Yet another fiery scene from southern California. The fires are forecast to intensify this week, and more will likely break out under the onslaught of additional intense, dry desert winds. |
Another "particularly dangerous situation" red flag fire warning has gone up for Los Angeles and Ventura counties from very early Tuesday morning through at least noon Wednesday.
The particularly dangerous situation wording is reserved for only the most extremely dangerous weather warnings and is used pretty rarely. That wording was of course used last week in Los Angeles County, and we saw what happened.
Here we go again.
The winds this time won't be quite as strong as they were last week, but that doesn't really matter. They'll be strong enough to either blow existing fires out of control again, or cause new ones to turn into instant firestorms.
Says the National Weather Service office in Los Angeles: "Areas in the red flag warning..... will have a high risk for large fires with very rapid fire spread, extreme fire behavior and long range spotting."
Long range spotting means embers from the main fire land perhaps miles downwind, setting new, large conflagrations.
The hot, dry winds off the deserts will affect Ventura County more intensely than last week. Ventura County had winds in the last go around, but they weren't as intense as they were in Los Angeles County.

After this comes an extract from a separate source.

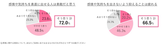 感情の表出を抑える一方で、「感情を素直に出せる人への憧れ」や「感情を抑えることに疲れ」も感じている生活者は多数
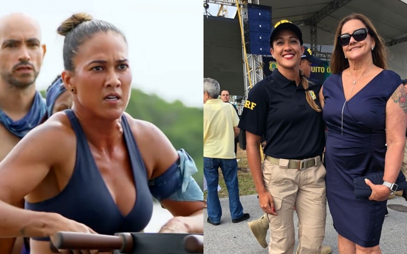 Guza, no 'No Limite', e ao lado da mãe — Foto: Globo/Arquivo pessoal

Additional firefighting equipment has been deployed in the area. Also, with somewhat calmer weather, planes dumped a lot of red fire retardant on fire-prone hillsides. They hope that fire retardant will act as barriers preventing flames from entering neighborhoods.
But there's only so much you can do when the wind if blowing 40 to 70 mph.
Though Los Angeles and Ventura counties are most under the gun, fire weather warnings extend from near San Luis Obispo, which is almost up to the central California coast, all the way through San Diego County to the Mexican border.
As I noted last week, these strong Santa Ana winds peak in the late fall and early winter and tend to diminish later in the season. However, these dry winds do hit occasionally in January.
The problem is the normal winter wet season has failed. Southern California should have had at least a few inches of rain by this point in the winter. In any other year, it's too wet in mid-January to have any kind of severe fire risk no matter how strong the winds get.
Long range forecasts continue to provide no rain to southern California, at least until the last week of this month. Meanwhile strong high pressure systems will continue to bluster southward through the Rocky Mountains, possibly for the rest of the month.
Those high pressure systems in the Rockies are often set up the right pattern for the strong, dry easterly desert winds to blast through southern California.
Climate change has a hand in this, of course. California had two oddly wet winters in 2023 and 2024, which made vegetation lush. This winter, it's not raining in southern California like it's supposed to. All that dense vegetation dried out and primed the area for fires.
That climate change is contributing to newly dramatic swings in weather from wet to dry to hot to cold, and that is causing new problems and disasters all over the world
Including creating those fire conditions that are causing so much suffering in California.